Novel object recognition test
In the novel object recognition (NOR) test, mice were initially acclimated to a 50 cm by 50 cm arena for a duration of 5 min, devoid of any objects, the day before the actual experiment. On the training day, the mice were reintroduced to the arena from a consistent starting point and were given 5 min to explore two distinct objects labeled A and B. Following each exploration session, both the arena and the objects were meticulously cleaned with a 75% ethanol solution to eliminate any olfactory cues. On the test day, object B was removed and replaced with a new object, C. The mice were then allowed another 5 min to investigate both objects A and C. The entire behavior of the mice was captured and analyzed using a video camera that was mounted above the arena (Techman, Chengdu, China). The duration in which the mice interacted with object A was denoted as TA, and the time spent with the novel object C was denoted as TC. The recognition index, an indicator of the mice’s ability to discriminate between familiar and novel objects, was determined using the formula: TC divided by the sum of TA and TC (TC / (TA + TC)).
Golgi staining
Mice were deeply anesthetized with a 2% pentobarbital sodium solution prior to brain extraction. The excised brains were immediately immersed in Solution A/B for 14 days at room temperature. Solution A consists of 5% potassium dichromate and 5% mercury chloride in H2O, and Solution B contains 5% potassium chromate in H2O. Following this, the brains were transferred to Solution C, which was prepared by dissolving 300 g sucrose, 10 g polyvinylpyrrolidone (PVP40), and 300 mL ethylene glycol (C2H6O2) in 500 mL phosphate buffer, and incubated at 4 °C for 7 days. After incubation, the brains were sectioned into 100-micrometer slices using a Vibratome VT1200S (Leica, Germany). Spine imaging of the brain slices was performed using a Nikon Ni-E microscope (Japan). Spine quantification were conducted using ImageJ software (NIH, USA).

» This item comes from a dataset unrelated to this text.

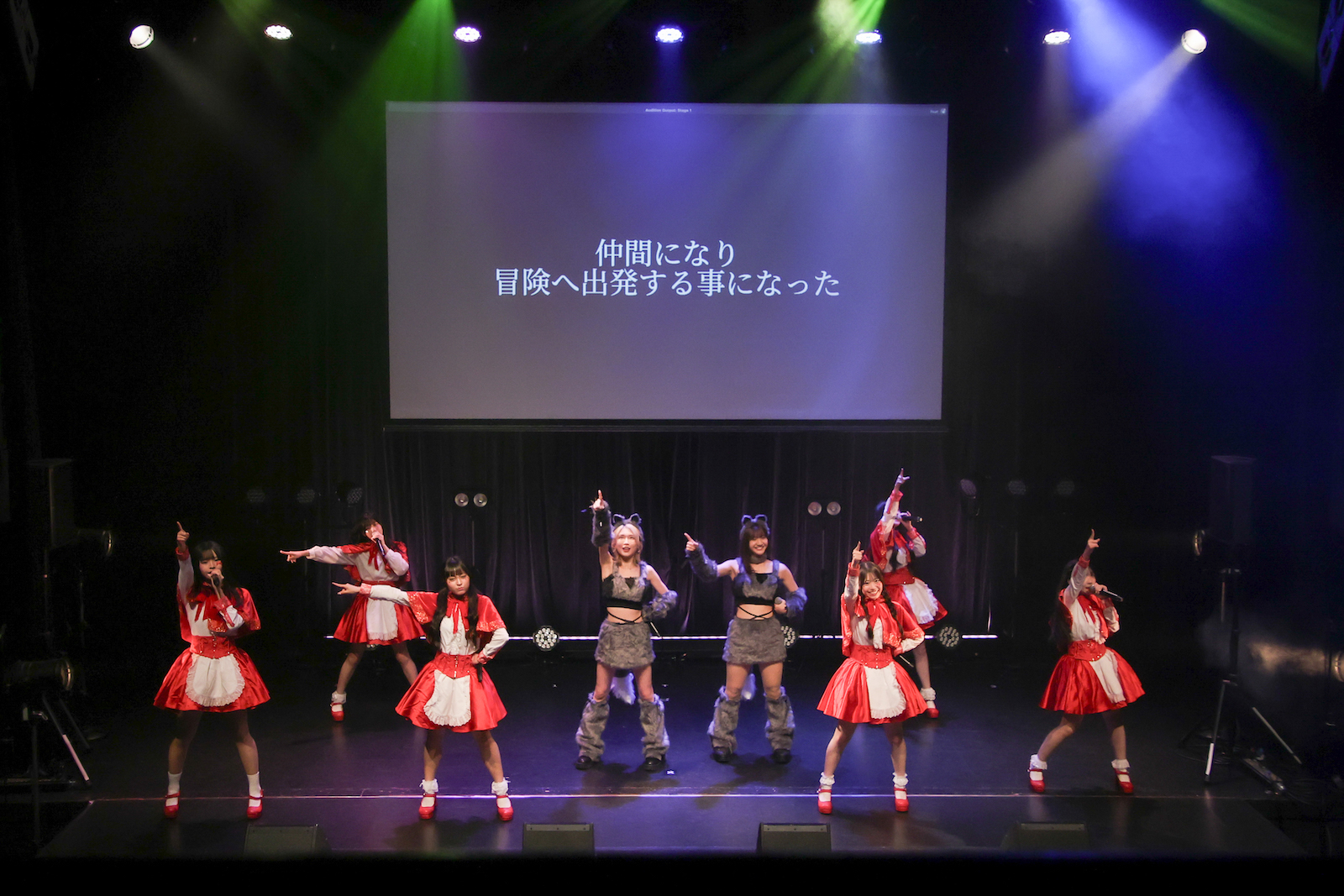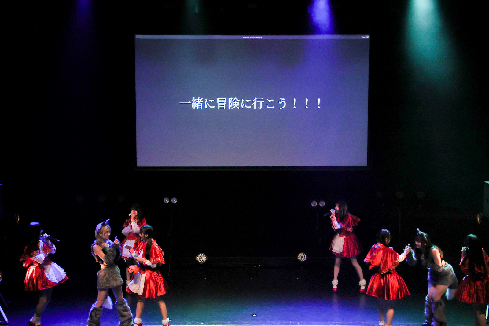 楽曲中、“オオカミと赤ずきんの物語”を感じさせる振り付けやフォーメーションで、普段と異なるLinQで魅せる。すると、赤ずきんの“みなずきん”(有村)と“あかずきん”(華山)が、襲い掛かろうとするオオカミの“らなオオカミ”(海月)と“れいオオカミ”(黒田)にお菓子を渡す。スクリーンには「一緒に冒険に行こう!」の文字が。

Immunofluorescence staining
Mouse brain tissue was first fixed with 4% paraformaldehyde, then embedded in paraffin and sectioned into 3-µm thickness slices. After deparaffinization, the slices were blocked with 3% BSA for 30 min at room temperature before being exposed to primary antibodies (SYP, GLUR2, and NR2B dilution 1:100). The slides were rinsed and then treated with a secondary antibody for an hour at room temperature. Nuclei were stained using the DAPI fluorescent stain. The cells’ fluorescence was observed under a LSM800 confocal microscope from Carl Zeiss in Germany.
Statistical analysis
Statistical analysis was performed using SPSS 26 (IBM, NY, USA). Data were shown as mean ± SD. Two-tailed unpaired t-test was used for single comparisons, and one-way ANOVA was applied for multiple comparisons.